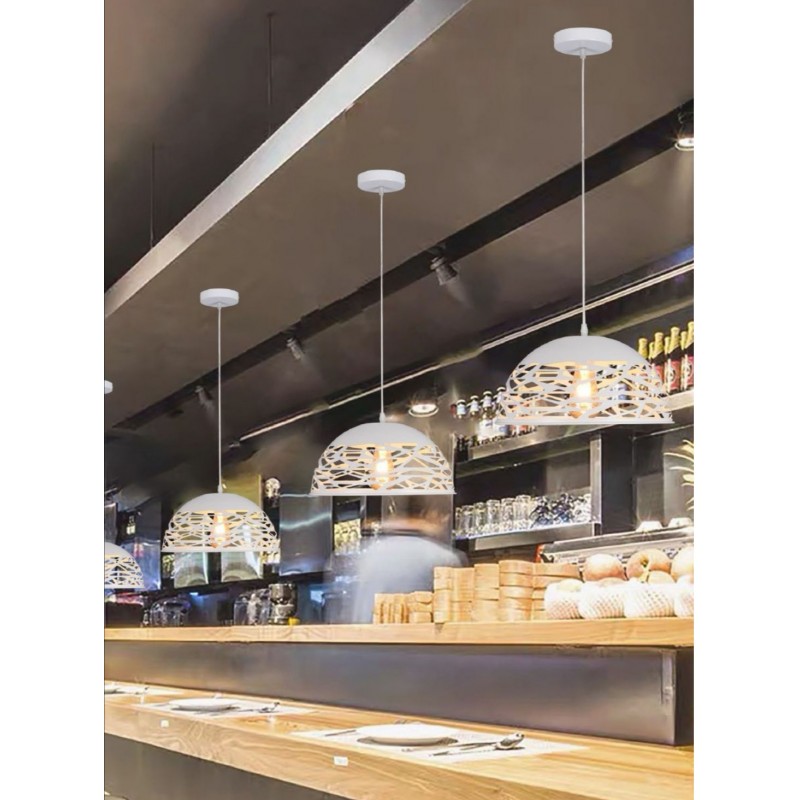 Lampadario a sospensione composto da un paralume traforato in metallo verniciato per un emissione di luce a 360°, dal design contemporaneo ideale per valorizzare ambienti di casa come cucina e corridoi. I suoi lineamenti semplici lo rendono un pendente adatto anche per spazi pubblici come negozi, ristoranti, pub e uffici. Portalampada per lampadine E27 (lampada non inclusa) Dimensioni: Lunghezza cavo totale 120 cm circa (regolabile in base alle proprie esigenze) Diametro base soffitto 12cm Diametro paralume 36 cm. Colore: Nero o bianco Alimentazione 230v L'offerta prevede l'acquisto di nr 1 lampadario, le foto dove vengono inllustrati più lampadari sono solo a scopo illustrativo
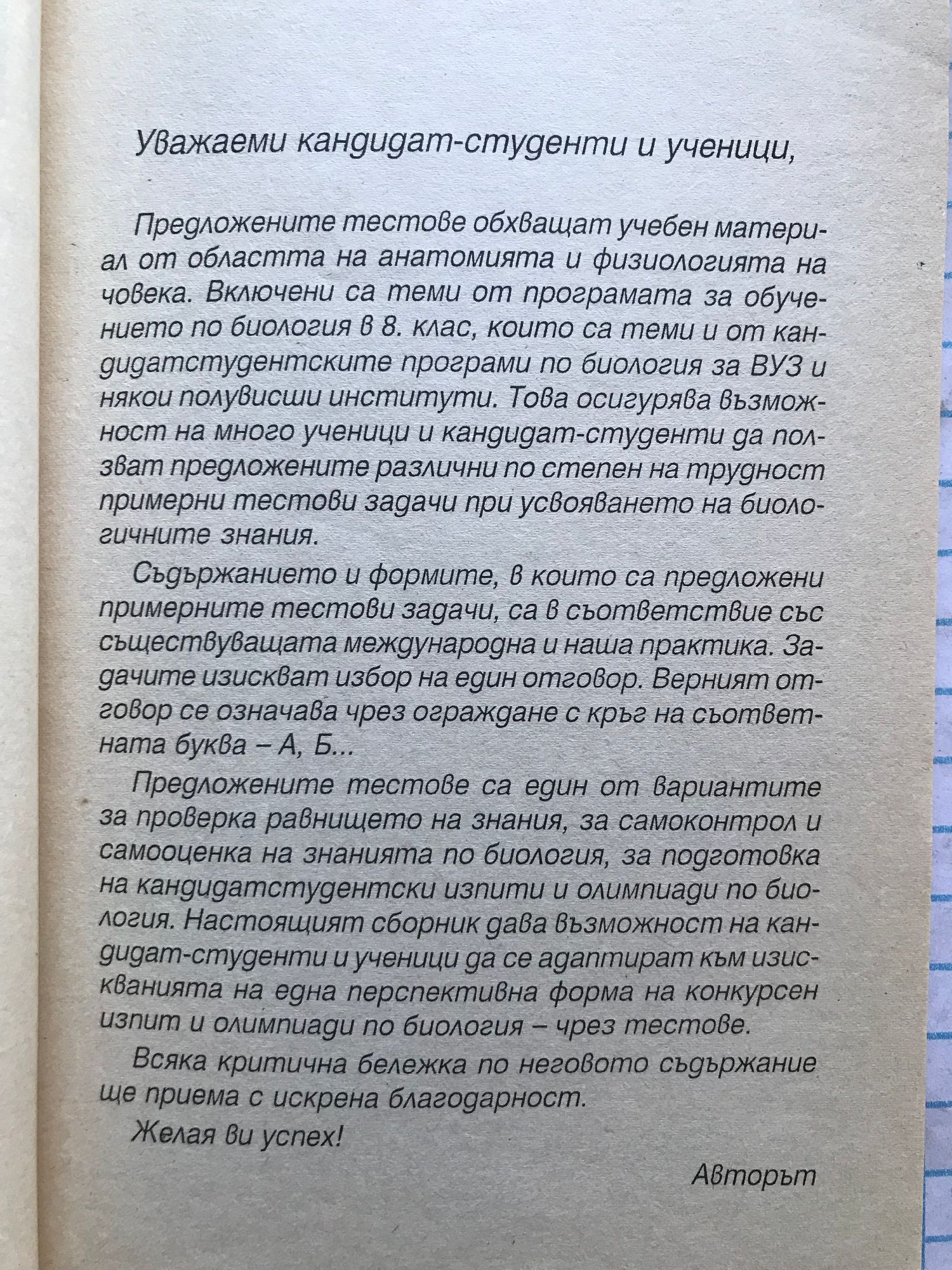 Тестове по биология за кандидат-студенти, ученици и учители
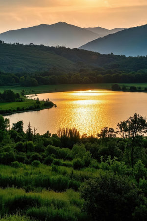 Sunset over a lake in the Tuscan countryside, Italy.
◇ ◇ ◇
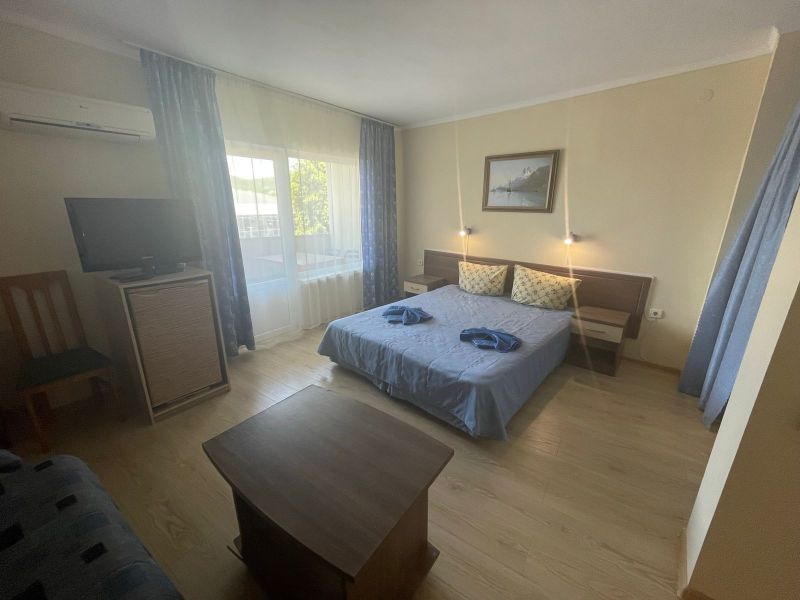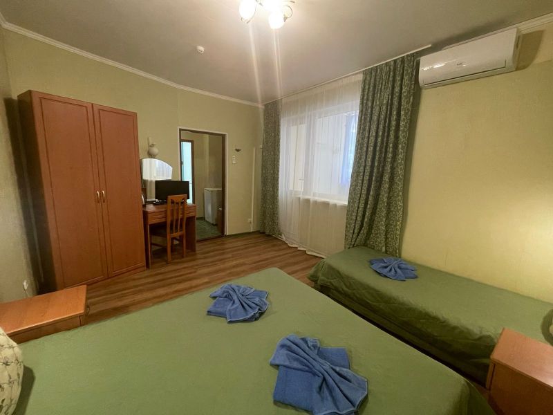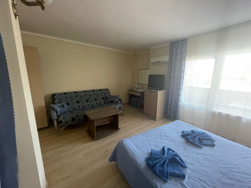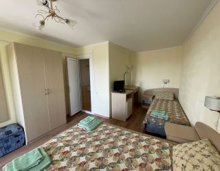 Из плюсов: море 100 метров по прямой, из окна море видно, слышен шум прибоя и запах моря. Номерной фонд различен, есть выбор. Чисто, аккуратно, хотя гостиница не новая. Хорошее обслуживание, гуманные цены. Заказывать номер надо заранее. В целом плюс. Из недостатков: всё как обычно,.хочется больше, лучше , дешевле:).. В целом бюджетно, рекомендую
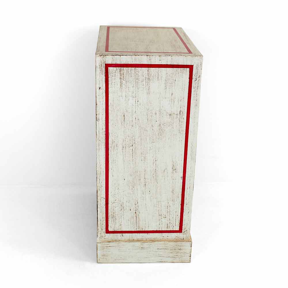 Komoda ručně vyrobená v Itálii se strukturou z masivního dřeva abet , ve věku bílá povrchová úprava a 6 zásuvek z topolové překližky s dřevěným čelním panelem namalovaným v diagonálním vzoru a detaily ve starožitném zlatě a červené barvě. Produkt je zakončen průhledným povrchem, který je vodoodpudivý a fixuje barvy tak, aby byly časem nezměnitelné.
◇ ◇ ◇
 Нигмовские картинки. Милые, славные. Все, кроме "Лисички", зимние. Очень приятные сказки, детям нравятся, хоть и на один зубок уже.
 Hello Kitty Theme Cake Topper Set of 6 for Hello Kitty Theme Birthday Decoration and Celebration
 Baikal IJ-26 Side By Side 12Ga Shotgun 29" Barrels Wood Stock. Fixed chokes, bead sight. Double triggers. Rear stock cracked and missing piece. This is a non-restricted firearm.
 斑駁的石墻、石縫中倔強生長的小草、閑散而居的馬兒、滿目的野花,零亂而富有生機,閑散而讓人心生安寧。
◇ ◇ ◇
(REQUIREMENT):
Everything above from the line containing "Baikal IJ-26 Side" through the line containing "斑駁的石墻、石縫中倔強生長的" must be copied exactly. Nothing outside that range belongs in the answer.

(WRITTEN REPLY):
 Baikal IJ-26 Side By Side 12Ga Shotgun 29" Barrels Wood Stock. Fixed chokes, bead sight. Double triggers. Rear stock cracked and missing piece. This is a non-restricted firearm.
 斑駁的石墻、石縫中倔強生長的小草、閑散而居的馬兒、滿目的野花,零亂而富有生機,閑散而讓人心生安寧。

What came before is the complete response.